In the listing below, find the line that contains "Sobra scene søndag" and the line that contains "Prsten ze žlutého". Quote both and every line between them, exactly, and nothing more.

## Records provided
════════
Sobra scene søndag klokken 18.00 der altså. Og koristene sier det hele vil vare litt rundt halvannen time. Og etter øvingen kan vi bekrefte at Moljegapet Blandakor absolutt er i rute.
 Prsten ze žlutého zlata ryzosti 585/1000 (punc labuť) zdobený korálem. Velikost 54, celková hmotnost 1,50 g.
════════
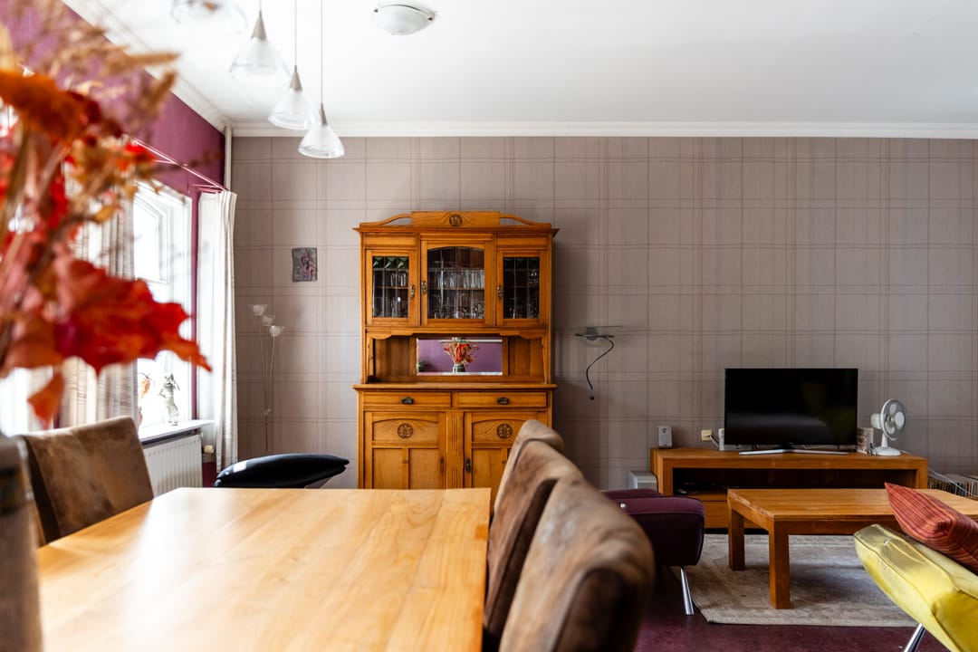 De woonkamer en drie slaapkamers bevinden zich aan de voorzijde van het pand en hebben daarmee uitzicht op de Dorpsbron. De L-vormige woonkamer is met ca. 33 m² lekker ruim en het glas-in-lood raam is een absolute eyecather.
════════
## Answer section
Sobra scene søndag klokken 18.00 der altså. Og koristene sier det hele vil vare litt rundt halvannen time. Og etter øvingen kan vi bekrefte at Moljegapet Blandakor absolutt er i rute.
 Prsten ze žlutého zlata ryzosti 585/1000 (punc labuť) zdobený korálem. Velikost 54, celková hmotnost 1,50 g.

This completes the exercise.